What happens during playback is similar, but not aliasing. When you take the samples and make a stairstep (zero-order hold) waveform in the DAC, that waveform contains the spectrum of the original signal along with an infinite number of copies of that spectrum above the Nyquist limit. To properly reconstruct the original signal, all frequencies above the Nyquist limit should be filtered out to get rid of these copy spectra. When you are moving the playback speed around, as the Fairlight does to change pitches, the cuttoff frequency of the filter needs to change with it. Hence tracking filters. This is the normal architecture of such systems. You can see it in, for example, the S950 as well, which uses switched-capacitor filters to track the playback clock rate.

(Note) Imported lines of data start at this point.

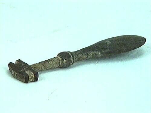 Glasskärare Glasskärarens huvud är i metall och två stjärnor är ristade på ena sidan. Handtaget är i trä, paddelformat och med metallstift på ena sidan, som dekoration. Rikligt med torkad lera på "huvudet".
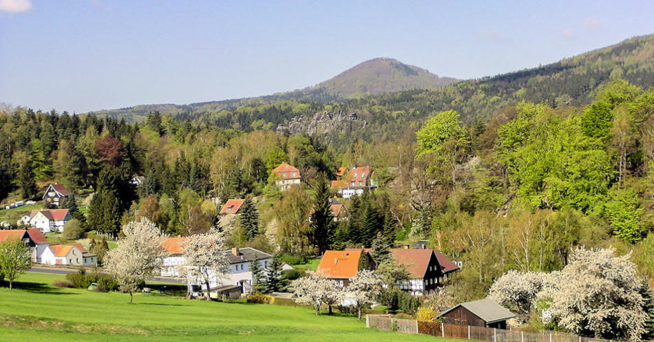 Eingeschlossen von waldbedeckten prächtigen Bergen und Felsgruppen liegt der Luftkurort Jonsdorf, mitten im Naturpark Zittauer Gebirge.
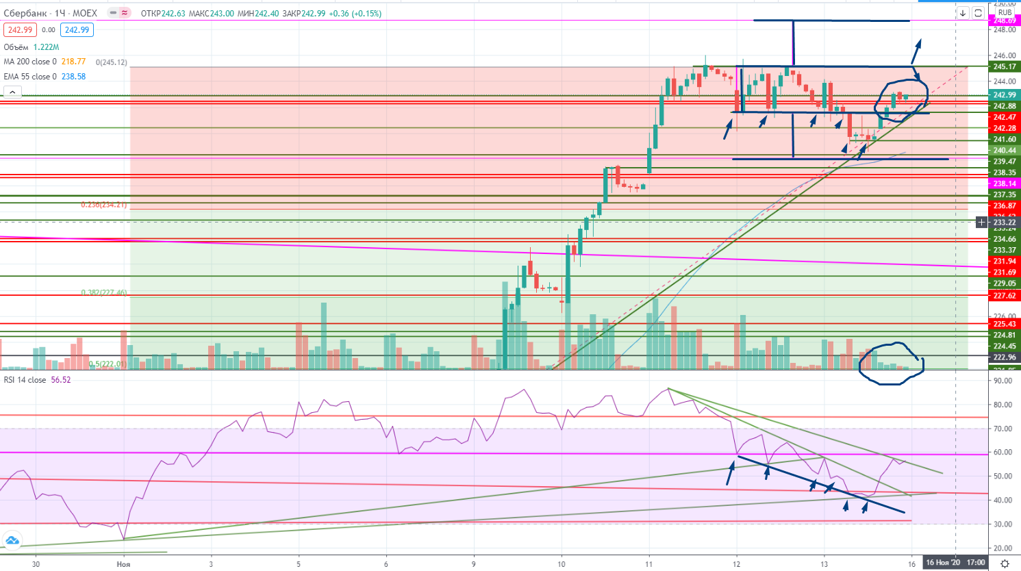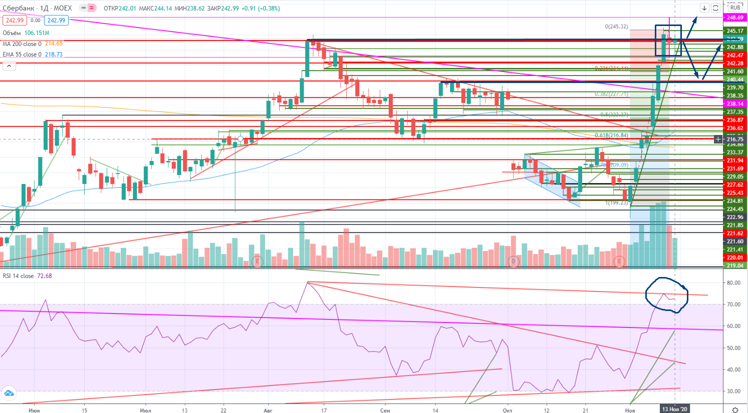 Коренным образом вечерний вынос изменил картину во всех бумагах, но особенно в Сбере. Так на недельном графике по закрытию «основной» сессии так и не прошел уровень 240 ( https://www.finam.ru/analysis/marketnews/samymi-interesnymi-bumagami-etoiy-nedeli-byli-sberbank-i-lukoiyl-20201113-09500/ ), но благодаря выкосу он типа прошел его. Все будет решаться на следующей неделе, очень вероятен как ложный проход, так и возможность к откату. Надо смотреть.
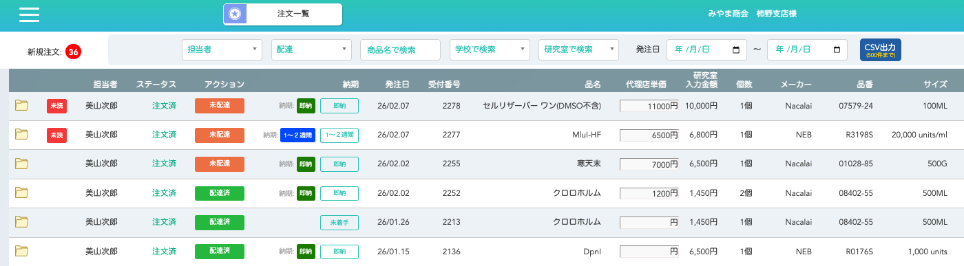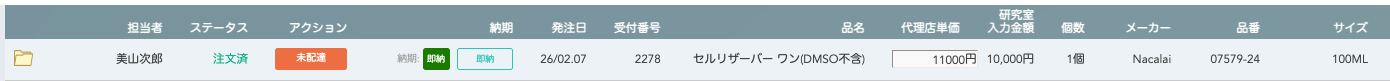 商品が納品された場合、研究室側、代理店様側、双方から「未配達」から「配達済」としていただくことが可能です。
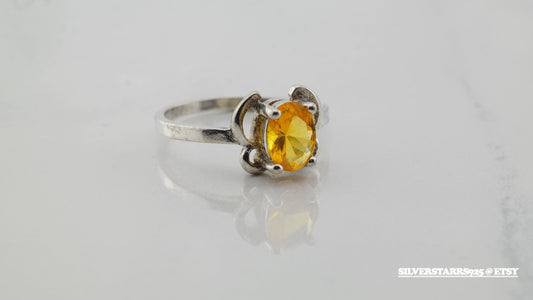 Vintage Sterling Silver Ring Citrine Yellow Size 7 1/2
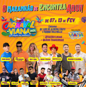 A Prefeitura de Viana inicia, nesta quarta-feira (7), o maior Carnaval da história do município. Pela primeira vez, a cidade terá uma semana de folia, com atrações de destaque regional e nacional.
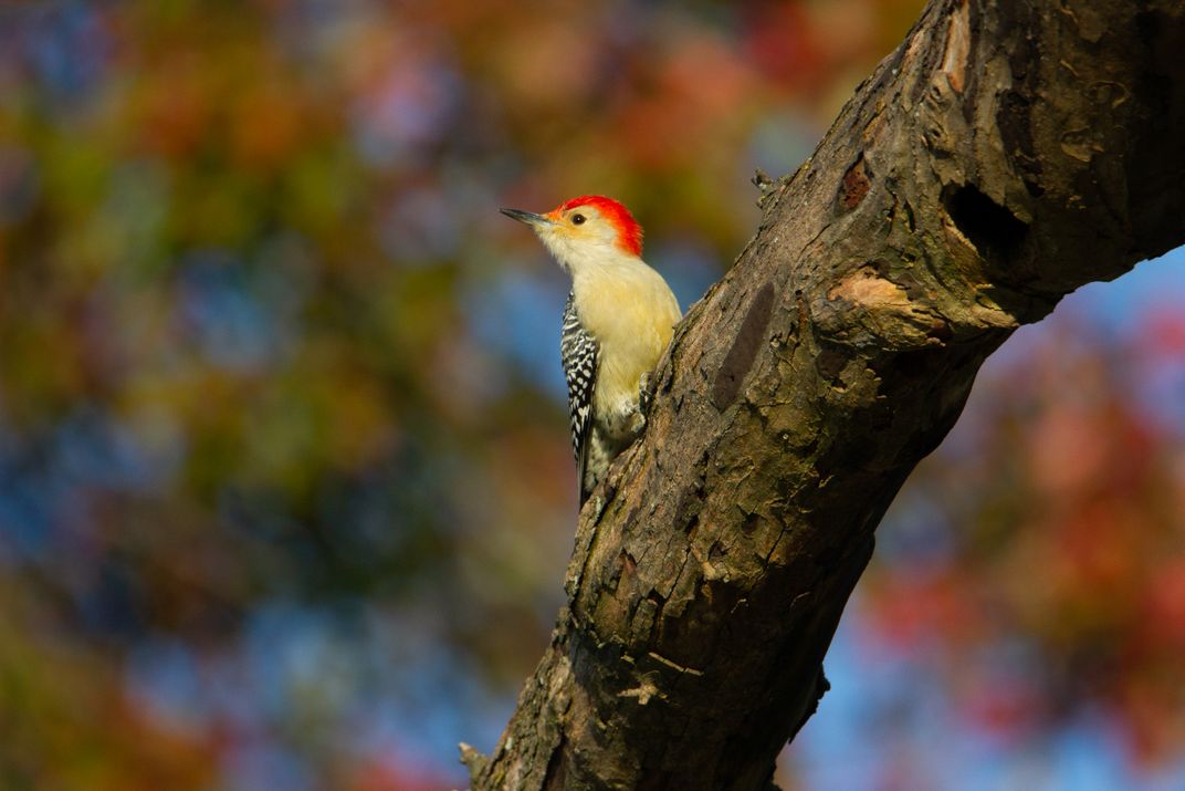 I captured this shot pretty close to the subject with my telephoto lens. This red bellied woodpecker was busy pecking the wood and did not pay any attention to me photographing it. Captured this at Patterson Park.

But something to notice about these playback artifacts is that they are always there at the same levels, and always above the Nyquist limit. And they track the original signal in frequency (hence, "tracking filters" are used to remove them). Yes, some of those frequencies are present in the playback artifacts of Fairlight hardware units, and they become more audible as playback speeds get slower (on the lower notes), though the tracking filters aim to reduce them as far as possible. If the sampling rate is mathematically related to the sampled note, it's possible to get them to be in-tune harmonics, which is a pretty cool effect!

What I hear in QB playback artifacts is NOT those playback artifacts above the Nyquist limit. What I'm hearing is lower, overlapping with the audible spectrum of the sound. Without dither, I guess it could be quantizing artifacts, except that those would be the same regardless of which note you play. What I'm hearing are artifacts that change in both pitch and intensity depending on the note played and move around relative to the note when pitch modulation (e.g. vibrato or bending) is applied. The hardware Fairlights don't do that.

Cheaper systems like the Mirage, or even the DX-7, which used simple phase accumulators internally for ASRC, exhibited such artifacts. Systems like the Fairlight, Synclavier, Emulator-II, and Akai s950 avoided them by varying the clocking rates of an individual DAC per note instead, so there is no ASRC in such systems. Notes are filtered, scaled, and mixed analog. That's the main reason they sound really different than cheaper samplers (and also why they cost so much more!)

In a software emulation, there will always be ASRC. But with modern hardware and enough oversampling, it's possible to get a good emulation. Possible, but not necessarily easy :). Real-time modulated ASRC is a complicated problem even without the need to emulate specific hardware.

I mean no disrespect. What you've accomplished in QB is quite impressive, and I've enjoyed playing with it. I was just wondering whether those unwanted artifacts could be corrected.